*** COLLECTED DATA ***

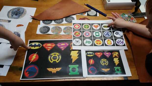 Recuerda invertir la imagen en su edición software lo contrario que la imagen se mostrará hacia atrás después de la transferencia de fotos. Se me olvidaba esto así que tuvimos que elegir a super héroes que podrían revertirse. La idea era individual podrían crear insignias, no se esperaba el resultado.
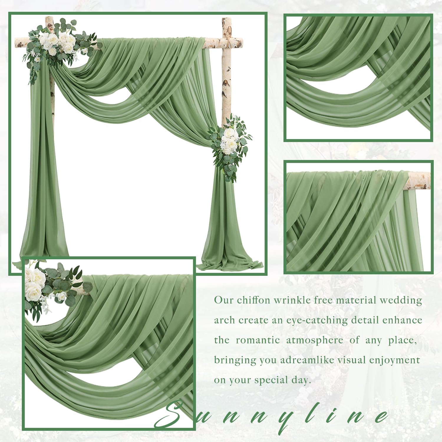 Wedding Arch Draping Fabric 2 Panels 20Ft length x 28" width Sage Green Arch Drapes Chiffon Fabric Sheer Curtains Backdrop for Party Bridal Decorations Wedding Ceremony Ceiling Stage Reception Decor
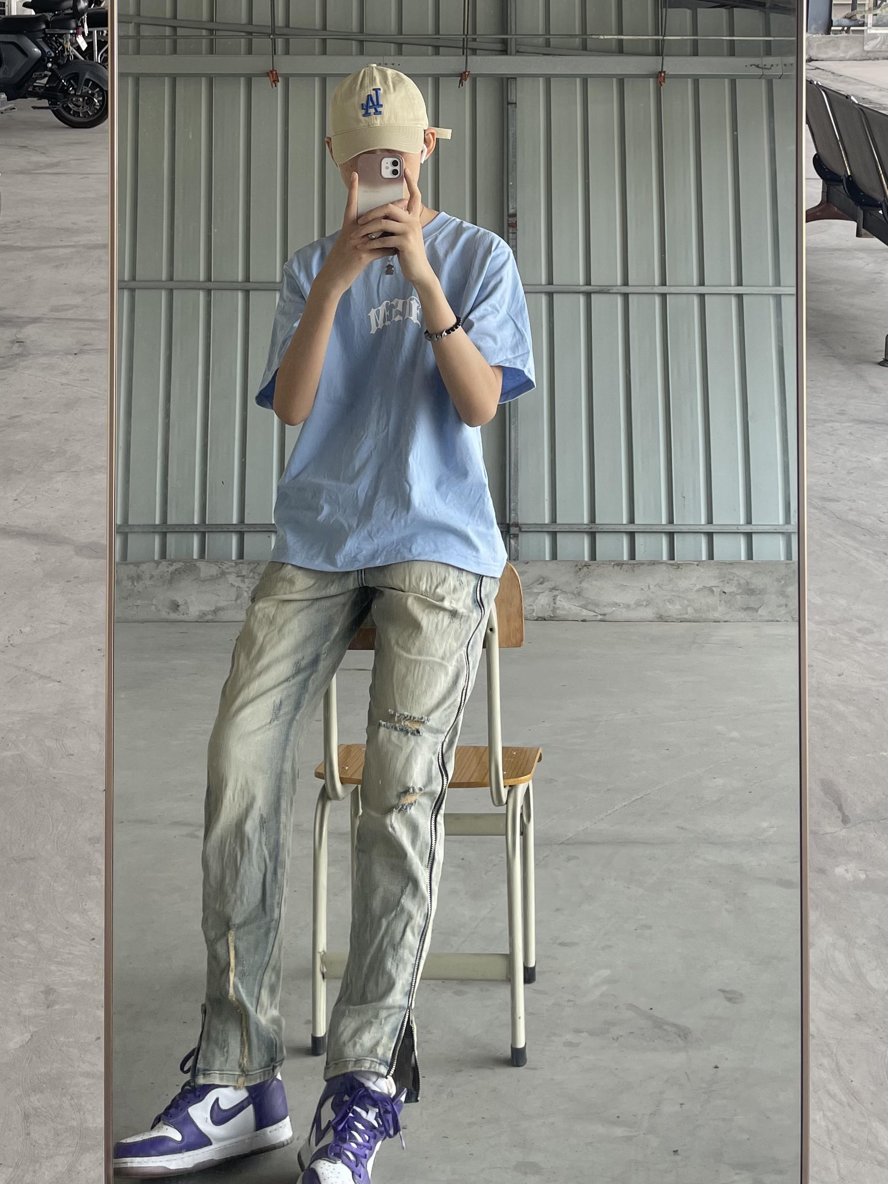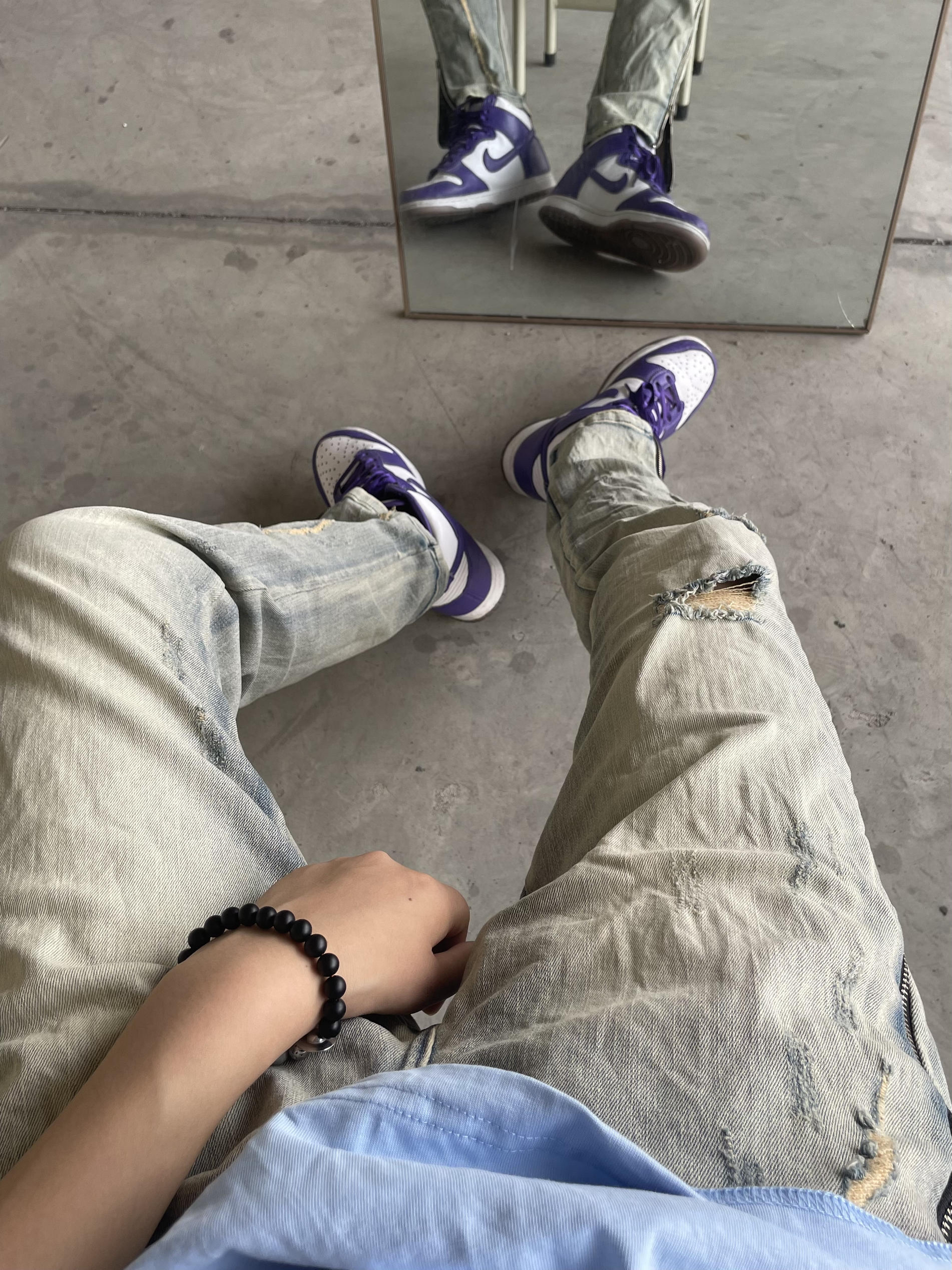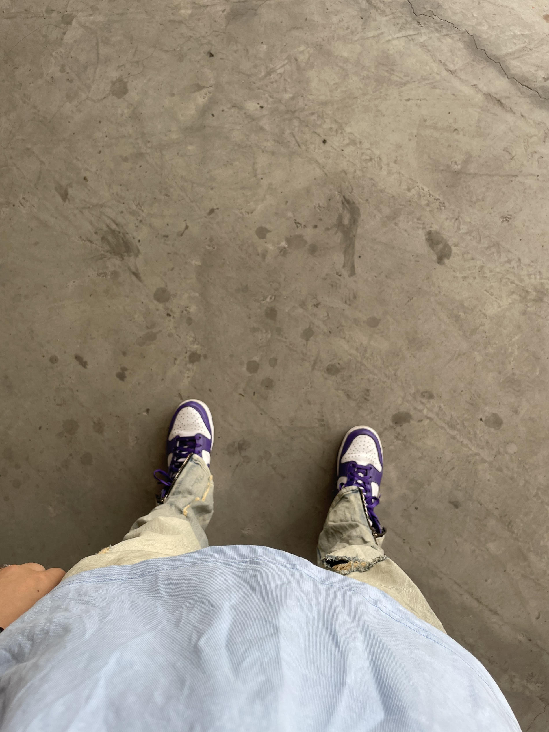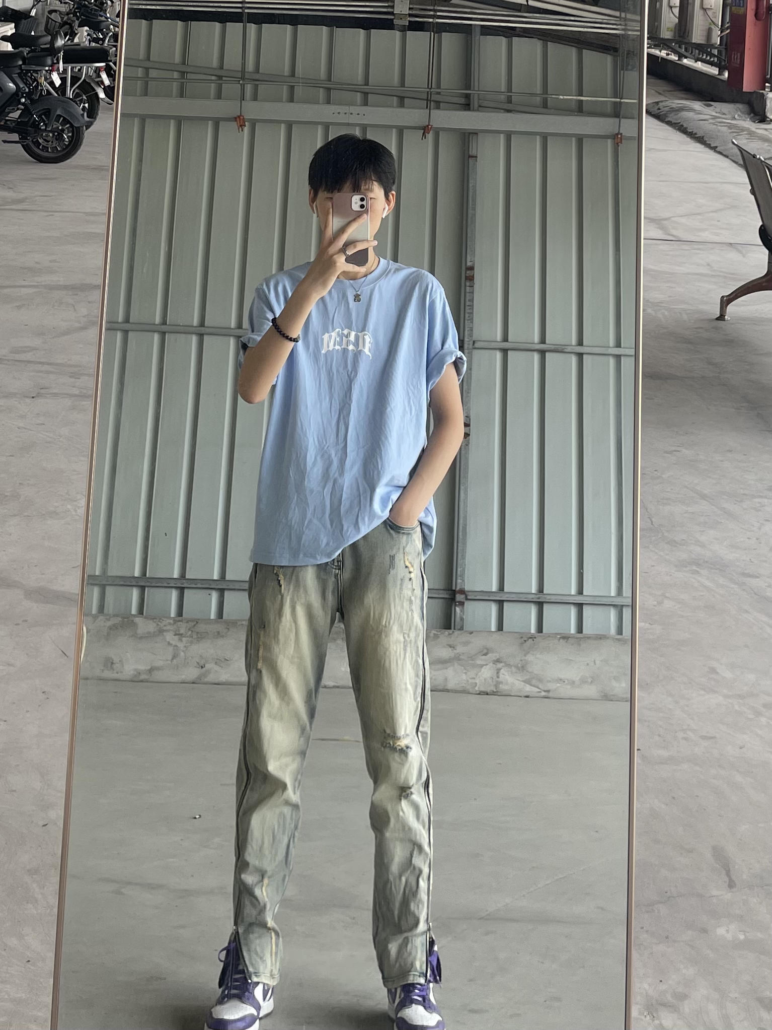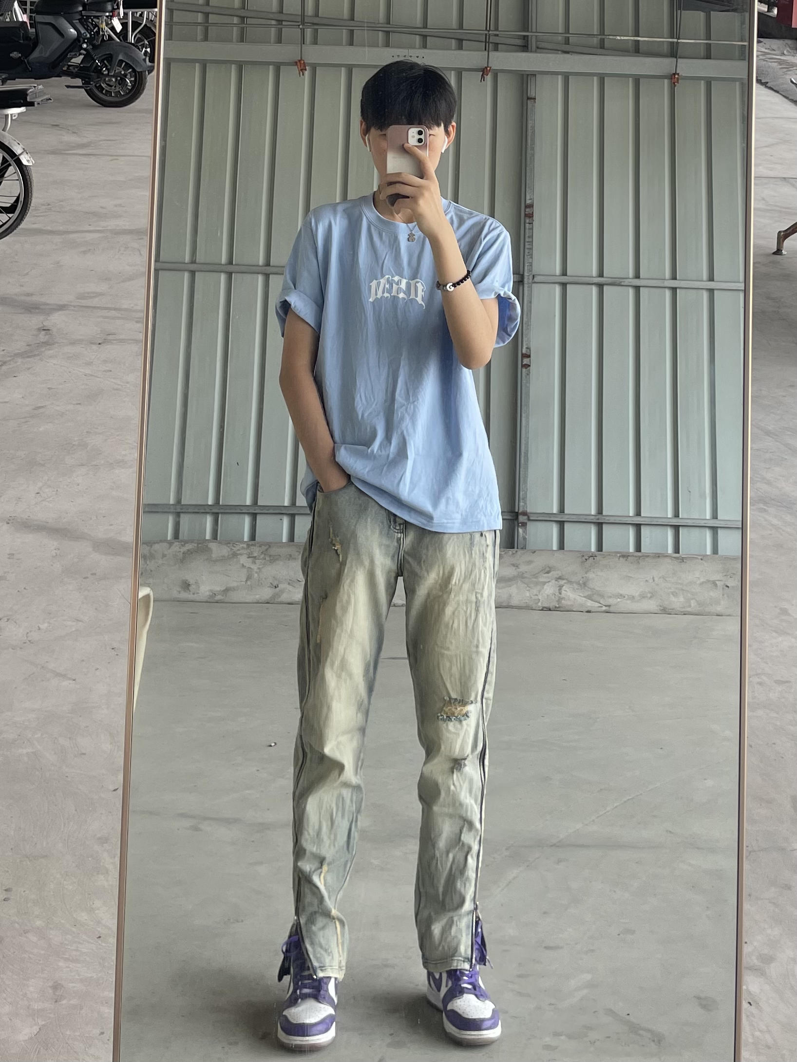 身高|体重:171CM/105斤 🧍♂️ 穿搭风格:随意穿搭啦 谢谢大家喜欢 👔 上衣:DONSMOKE美式街头嘻哈哥特字体小LOGO百搭潮短袖T S码 👖 下装:XINYINSU新因素朱志鑫侧边拉链牛仔裤破洞水洗做旧复古高街弹力潮M码 👟 鞋子:Nike dunk high白紫色

*** End of COLLECTED DATA ***

> [WORK TO BE COMPLETED]:
Down to the last line, print the material exactly, but not its pictures.

> [EXPECTED ANSWER]:
 Recuerda invertir la imagen en su edición software lo contrario que la imagen se mostrará hacia atrás después de la transferencia de fotos. Se me olvidaba esto así que tuvimos que elegir a super héroes que podrían revertirse. La idea era individual podrían crear insignias, no se esperaba el resultado.
 Wedding Arch Draping Fabric 2 Panels 20Ft length x 28" width Sage Green Arch Drapes Chiffon Fabric Sheer Curtains Backdrop for Party Bridal Decorations Wedding Ceremony Ceiling Stage Reception Decor
 身高|体重:171CM/105斤 🧍♂️ 穿搭风格:随意穿搭啦 谢谢大家喜欢 👔 上衣:DONSMOKE美式街头嘻哈哥特字体小LOGO百搭潮短袖T S码 👖 下装:XINYINSU新因素朱志鑫侧边拉链牛仔裤破洞水洗做旧复古高街弹力潮M码 👟 鞋子:Nike dunk high白紫色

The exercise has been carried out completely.